Beautiful Models (and Data)

Work-in-progress (updated Nov. 2015)

Array- or Set-based Coding Style

An Anti-Pattern?

Note: This is not Yet-Another-Article warning noobs about RAM usage when appending strings

This is an exploration of advantages gained when you code everything as an array. (Using Jedi concepts from SmallTalk)

Here’s some guiding principles:

  1. All input is array-like. Even if an array of 1.
  2. Functions should generally accept AND return arrays.
  3. 99 out of 100 devs code suffers from what I call acute schema surplusage syndrome -based models.
  4. Yes, beware fat ASS models - with all the predictable trappings: fragile instance state - so many levers and knobs to mess with, DB transactions, sql locks, async/mutexing (that always works first time), using idiomatic property getter/setters, and your public/private/final/etc usage is solid, right?

  5. So let me take a common problem and shoehorn add some of my set-based heretical musings.

  6. Why is a Product price always a single data point? Why on earth would I make price(s) an Array?
  7. Let’s add this functionality:
    1. New requirements: retailPrice, priceSavings
  8. These changes hopefully look no worse than my sorry attempt:
package net.danlevy.testpool.why.java.has.so.many.dots;

public class Product {

  public String Name;
  public float Price;
  public float retailPrice;
  public float priceSavings;

  public Product(String name, float price) {
    Name = name;
    Price = price;
    this.retailPrice = price;
    this.priceSavings = 0.0f;
  }

  public Product(String name, float price,
      float retailPrice,
      float priceSavings) {
    this.name = name;
    this.price = price;
    this.retailPrice = retailPrice;
    this.priceSavings = priceSavings;
  }

  public float getPriceSavings() {
    return this.retailPrice - this.price;
  }

}

(I’m not replacing the valid pattern of tracking historical prices in tables) 1. I’m not sure about you, but price of just about anything is in flux - just given time. 1. I experience price as constantly fluctuating data point.
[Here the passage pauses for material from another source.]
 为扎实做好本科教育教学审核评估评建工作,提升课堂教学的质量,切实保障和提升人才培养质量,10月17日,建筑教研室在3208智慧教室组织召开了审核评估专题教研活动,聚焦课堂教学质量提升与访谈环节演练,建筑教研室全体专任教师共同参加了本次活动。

  1. For example, even values which seem like singular variables - say a Product class includes var listPrice = 125 - change it to var prices = [50, 100, 125].
  2. Bear with me. That is not likely the final re-factor on that…
function Product({name='widget', prices=[]}) {

}

Foreshadowing: We’re going to go through a concept familiar to LISP, SmallTalk, et al. devs. It’s known by many names, however I prefer Array-based programming.

The issue we’ll examine is deceptively simple & subtle: Naming

I want to avoid the super-fancy-tech-lingo for this article; and hopefully I can illustrate the issue in a more useful fashion.
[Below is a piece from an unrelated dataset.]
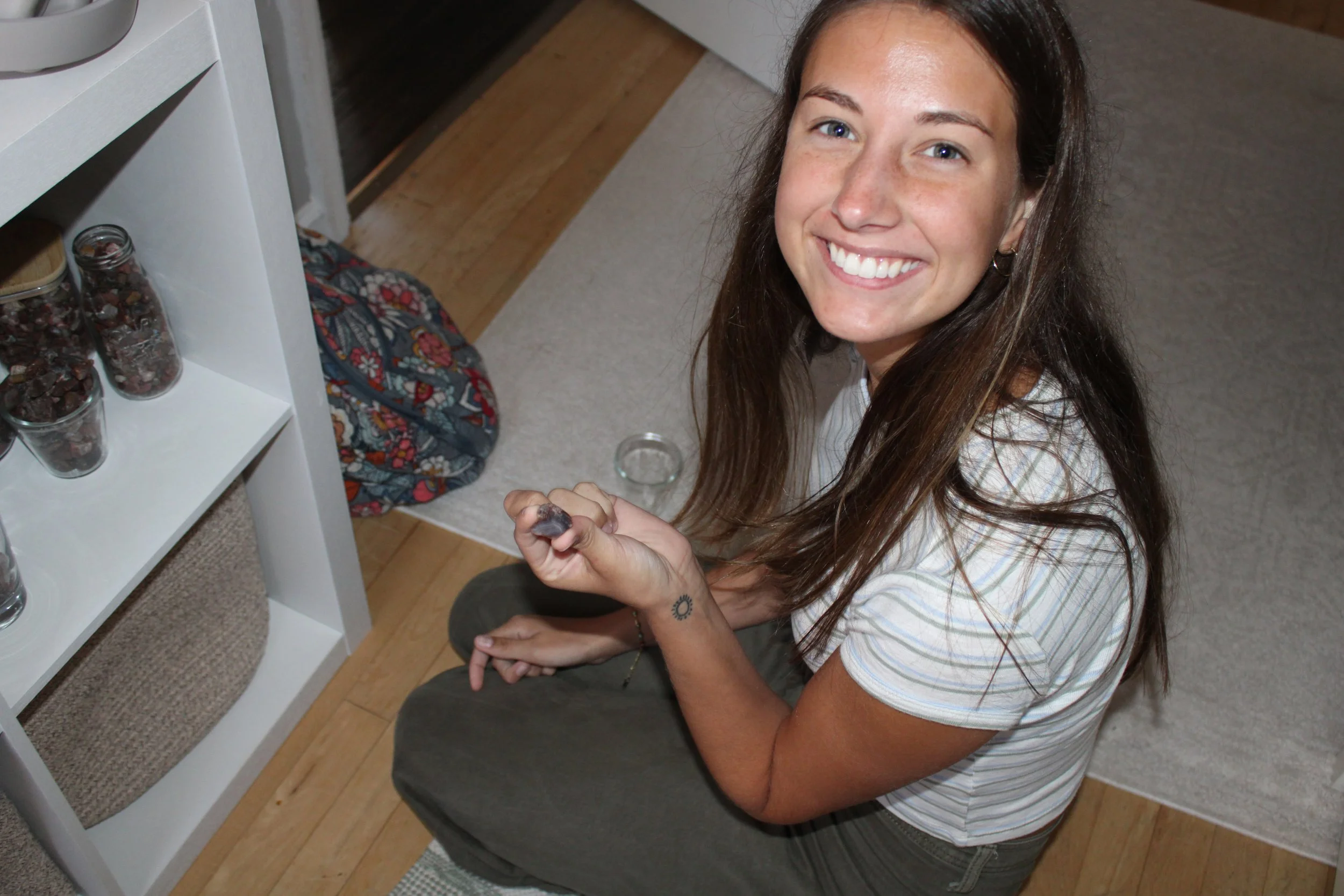 Mentz with her agate collection. Photo by Hanna McGuire
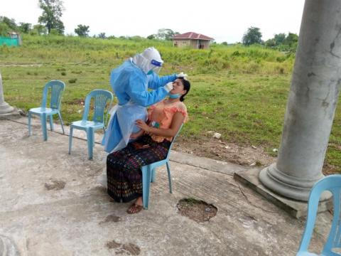 ကချင်ပြည်နယ်၊ မြစ်ကြီးနားခရိုင်၊ တနိုင်းမြို့နယ်တွင် သြဂုတ်လ(၃၀)ရက်နေ့တွင် ပြည်ပမှ နေရပ်သို့ ပြန်လည် ရောက်ရှိလာသူ (၆)ဦးနှင့် သြဂုတ်လ(၃၁) ရက်နေ့တွင် ရန်ကုန်မှ ပြန်လည်ရောက်ရှိလာသူ (၁)ဦးတို့အား ကိုဗစ်-၁၉ရောဂါ ရှိ/မရှိ စောင့်ကြည့်စစ်ဆေးရန်အတွက် မြို့နယ်မနောကွင်း အတွင်းရှိ ခန်းမ၌ (၂၁)ရက် ကန့်သတ်ထားရှိကာ ကိုဗစ်-၁၉ရောဂါ ရှိ /မရှိ ဓာတ်ခွဲအတည်ပြု နိုင်ရေးအတွက် နှာခေါင်းတို့ဖတ်၊ အာခေါင်တို့ဖတ်တို့ရယူ စစ်ဆေးခြင်းကို ယမန်နေ့ နံနက် ၁၀ နာရီက ဆောင်ရွက်ခဲ့သည်။

While covered in exhausting detail before, the subject matter often gets too technical for the novice programmer to draw any practical understanding. You probably don’t need to read this if the following makes sense: No-Sql denormalization strategy, or Boyce Codd Normal Forms

Recommended reading includes:

  1. Book: Code Complete
  2. http://phlonx.com/resources/nf3/
  3. https://en.wikipedia.org/wiki/Database_normalization

The Problem - by Example

Have you ever designed a data model (in code, Sql, or excel worksheets)? Does the following look familiar?

*** anti-pattern - don't copy-paste ***
* User
  - id
  - avatarUrl
  - email
  - passwordHash

* Agent
  - id
  - primaryPhoto
  - agentName
  - agentEmail
  - agentPhoneMain
  - agentEmailPrimary
  - agentPhonePrimary
  - agentAddressLine1
  - agentCompanyName
  - agentCompanyAddress
  - *userEmail* - 'Pointer' to User table ^^^

If this is familiar to you, I’ll bet you:

  1. Feel any change to your app will necessitate hours of arduous debugging.
  2. Fear ANY Changing Requirements schema refactor

The Cost of Bad (Naming) Habits

Let’s examine some of the subtle issues (probably familiar):


Why is naming a field agentEmailPrimary the worst?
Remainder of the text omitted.